I teatri sono chiusi ormai da mesi, ci sono i ristori ma non si riesce a progettare una riapertura. In Spagna invece si danno sostegni per rimanere aperti, voi cosa ne pensate?
C’è una tendenza a riposizionarsi, noi non lo facciamo, capiamo le esigenze ma lo streaming è una formula che non ci appartiene. Il nostro teatro in questi mesi è sempre stato aperto (i ristori le Albe li hanno trasferiti alle compagnie cittadine giovani, ndr) per ospitare le residenze però non è la stessa cosa che col pubblico. L’impressione è che manca una visione, dare degli aiuti per riaprire è importante anche perché molti teatri con meno di mille persone fanno fatica. Invece si riesce solo a elargire soldi ai teatri nazionali o pubblici e si rimane in una prigione. Appena si potrà noi riapriremo subito, chi è in residenza potrà debuttare, avere finalmente la possibilità di confrontarsi con gli spettatori.

Nel vostro nuovo film, «ER», ripercorriamo la storia delle Albe seguendo Ermanna in una lunga camminata in campagna. I vostri archivi assumono una nuova prospettiva di memoria nel corpo dell’attrice, nel suo volto, in ogni trasformazione dei suoi personaggi.

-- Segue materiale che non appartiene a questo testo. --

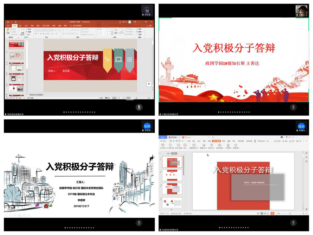 本着从严从难、优中选优的原则,此次会议共历经资格审核、集中答辩、民主测评三个环节。会议伊始,杨远艺同志阐明了入党积极分子的发展要求及会议流程,孙延松老师就答辩工作提出几点要求,测评委员会对4位候选人的入党申请及入党条件予以审核。随后,4位候选人通过PPT共享的方式,从思想认识、入党动机、自我评述、入党规划等方面简要汇报自身情况,表明向党组织靠拢的信心和决心;测评委员会从党的理论知识、2020两会热点等方面对候选人进行考察,进一步了解候选人的综合素质。最后,委员会通过线上匿名投票的方式,对能否推荐4位候选人为入党积极分子分别进行投票表决。

Premetto che Ermanna non ci ha lavorato, ER era un mio desiderio da lungo tempo, e il nostro archivio che è molto ricco è stato prezioso. Potevo fare un film di sette ore tanto era il materiale a disposizione! La guida è diventata invece quella camminata in campagna che è anche l’unica ripresa che ho fatto nella mia vita per provare una macchina da presa. L’avevamo girata per gioco, era una specie di esercizio, non avrei mai pensato che un giorno l’avrei utilizzata in un film. Questa camminata dell’attrice nella sua vita è anche una discesa agli inferi, nella psiche delle sue creature che ci mostra come un’unica figura ne diviene tante – Ermanna le chiama «il suo condominio». Ne incontriamo sette, dalla madre di Pantani a Madre Ubu – che un po’ si sono chiamate fra di loro e hanno chiamato me. Insieme a Francesco Tedde ci siamo dedicati al montaggio giorno e notte in modo da curare ogni singolo passaggio. Abbiamo avuto anche dei materiali girati da Gianni Celati, quattro ore di un suo film mai montati da cui abbiamo preso la parte dove Ermanna parla con gli asini.